However, more surprisingly, hardships do not have to make you unhappy. Or, perhaps I should say, do not have to make you unhappy over the long run.

I have struggled, visibly at times, with the parts of my life that are depressing and serve to make me...well...unhappy.  For a while my goal was to not get sucked into the downward spiral myself and become "unhappy."  I felt pleased everyday that I avoided the downward spiral and maintained the status quo.  What I have been contemplating lately is the upward spiral.  Is such a thing possible?

Given situationally depressing factors out of my control, like a homeless, ill mother, am I even allowed to be happy?  Is it okay for me to be thriving, flourishing, joyful, laughter-ful, and positively annoyingly upbeat?  (okay, I'm not sure I'm actually up for that, but bear with me).  It just felt like one of those things that I am not entitled to.  That is reserved for other people.  Oh yeah, so and so is awfully happy.  Must be nice to be them.  If it wasn't for (fill in the blank), then maybe I would be so happy too.

What if I don't think of my life like this?  What if I don't forever and constantly tether myself to the depressing bits of the world, and my personal world, that serve to make me see the world as a profoundly disappointing place?

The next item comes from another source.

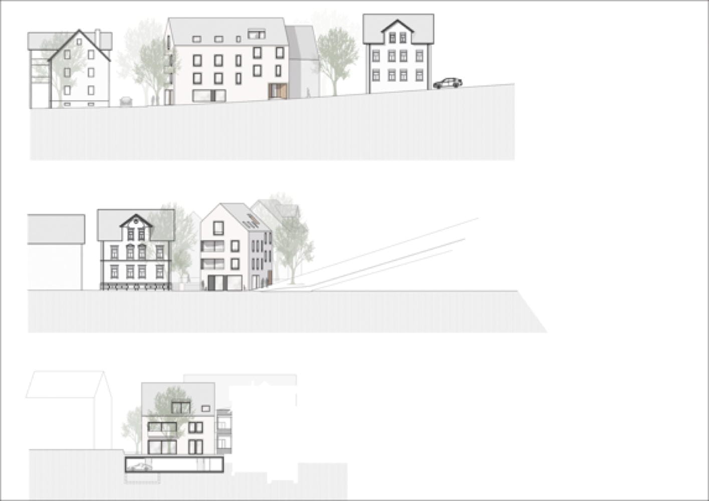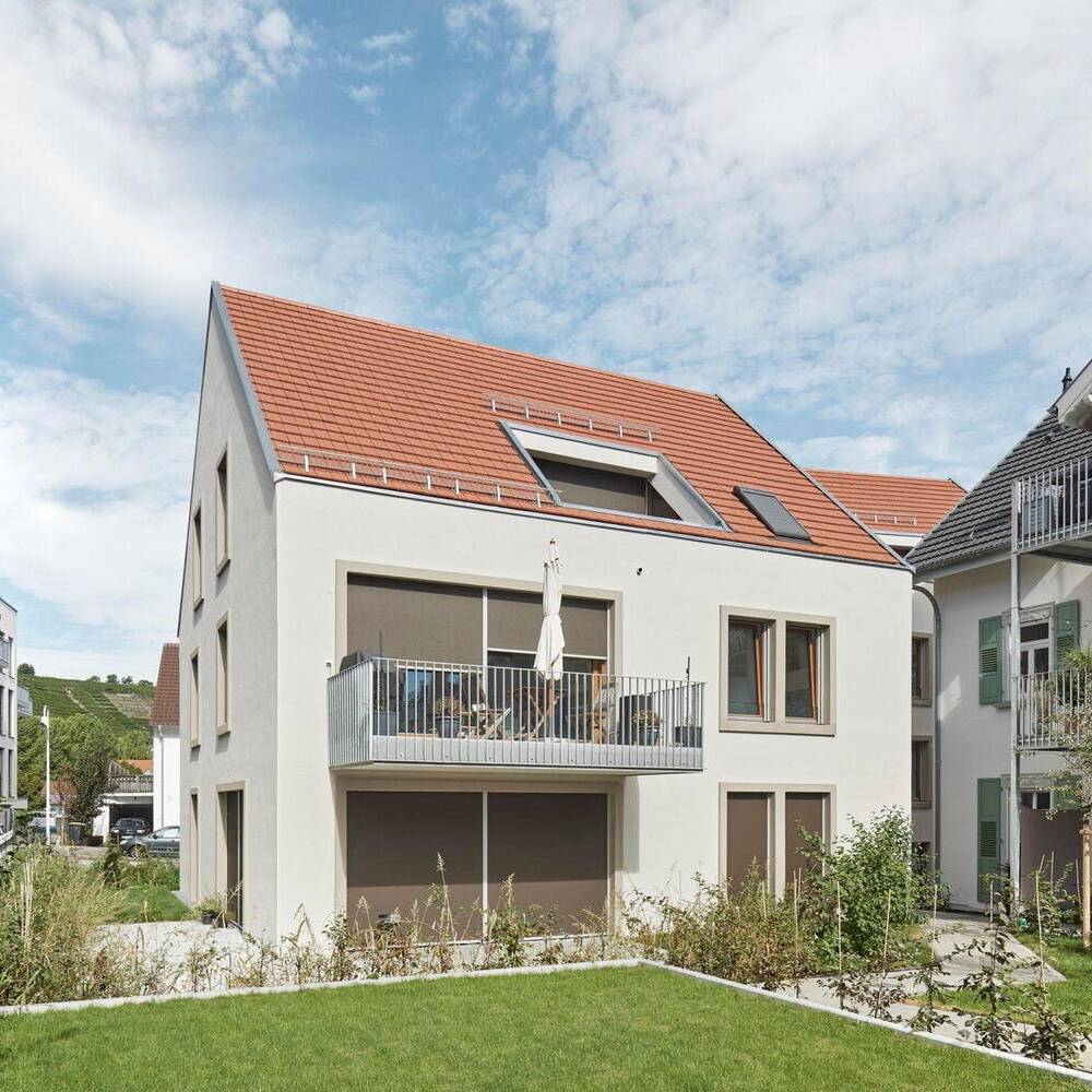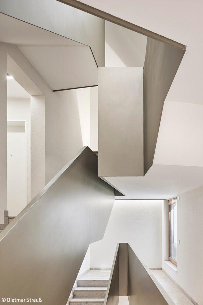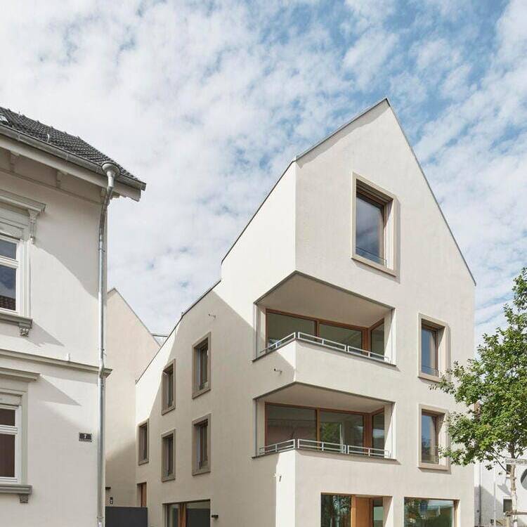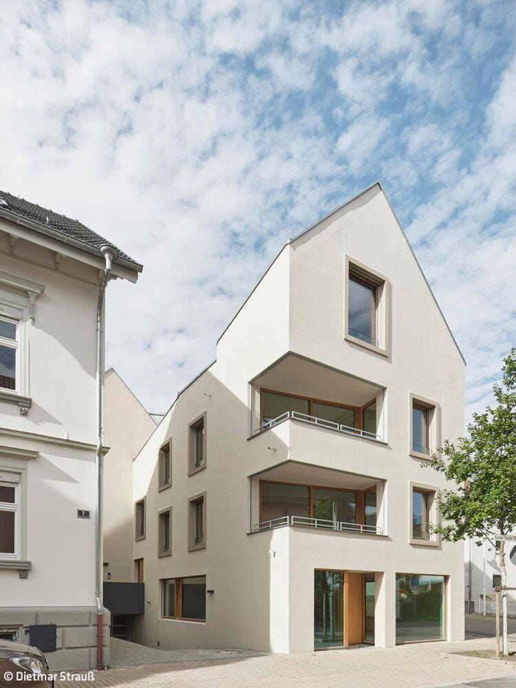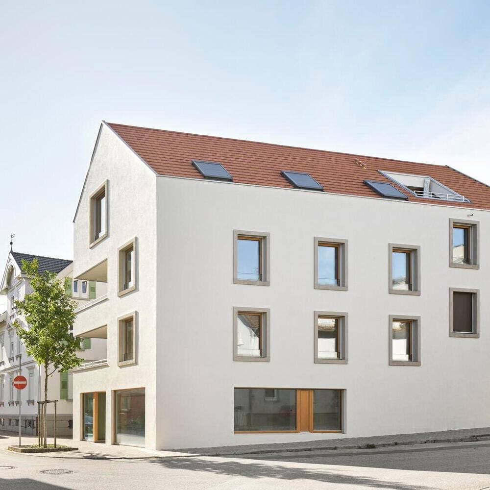Der zweite Siedlungsring in Besigheim zeichnet sich durch engen Bezug zur historischen Kernstadt und die Nähe zum Bahnhof aus, was ihn besonders attraktiv macht. In einem Eckbereich galt es, den Blockrand zu schließen und die Architektur sensibel an die umgebende Bebauung anzupassen. Architekt Kai Dongus entwarf ein Neubau-Ensemble, das auf kluge Weise den Raum erforscht: Während es sich straßenseitig wie ein schmaler Baukörper präsentiert, offenbart es nord- und rückseitig seine tatsächliche Kubatur: drei unterschiedlich ausgerichtete Baukörper, die sich harmonisch in die umliegende Bebauung einfügen. Farbe und Materialität der verputzten Lochfassaden und des Ziegeldachs, die Fensterformate und die sandsteinfarbenen Faschen orientieren sich konsequent an der Umgebung. Der Abstand zum nordöstlichen Nachbargebäude beträgt ca. 3,20 Meter und entspricht den Gebäudeabständen entlang der Straße, wodurch eine klare Straßenkante entstand und die Belichtung der Fassaden erhalten bleibt. Der Zugang erfolgt barrierefrei ebenerdig sowie über eine am Altbau entlang geführte Verbindungstreppe. In den drei leicht verdrehten Baukörpern mit Satteldach finden sieben Wohnungen und ein Ladenlokal Platz. Der halbgeschossige Versatz der Einheiten erzeugt eine besondere räumliche Qualität und eröffnet spannende Blickbezüge. Das skulptural gestaltete Treppenhaus öffnet sich nach oben zu einem großzügigen Luftraum; die Verdrehung der Erschließung wird hier deutlich sichtbar.

For a while such thought felt like heresy.  Such thoughts felt like denial of my truths.  But in this new moment, these thoughts feel like anything but.  It is not a denial of the uglier or harder parts of my life, but an affirmation of the positive parts and a peaceful acceptance of the harder parts.

Additionally, comparing myself to others is dangerous.  When thinking "well of course so and so is happy, she is/has (fill in the blank)", I set up a scenario that opens me up to hostile and jealous feelings towards this friend.  Even when I am seeing them in a favorable light, this thinking can create an illusion of competition.  These "only if" kind of thoughts do a disservice not just to myself, but to my friendships.  What if we were both happy?  And both happy in perhaps very different circumstances?  Wouldn't that be the best outcome, actually?

After all, spending my life wishing and waiting for something to happen or go away before I can "get happy" is a fallacy.  The irony is happiness is right here and that chasing it can make it ever more elusive.

I hope for you all a glass half full, or even overflowing.  Happy summer.

Monday, April 23, 2012

Don't take away my optimism!

Last week my neurologist had me start a new medication, Keppra, to help control my seizures.  He warned me that it had a side effect I should tell my best friends and husband about so that they could help me look out for it.  That side effect was irritability.  My neurologist said I should let them know ahead of time because I wouldn't be able to see it, to me, everyone would just be a jerk.

Well, lets just say that my days on Keppra are over now and my husband is a very patient and kind man.

It took us both a while to realize what was going on, even with the advanced warning from my neurologist, because I wasn't irrationally upset, just more upset than usual, more glass half empty all the way around.

I found myself near tears this weekend numerous times as I negatively surveyed my life.  I kept thinking, I am an epileptic who can't drive for six months and whose health is not steady at the moment, I am a mother of two little ones (one a toddler who likes to say NO! a lot),  I have a husband who is traveling quite a bit this spring and summer, I am a graduate student and have numerous graduate school complaints, and, of course, I have a mentally ill, homeless mother out there somewhere.  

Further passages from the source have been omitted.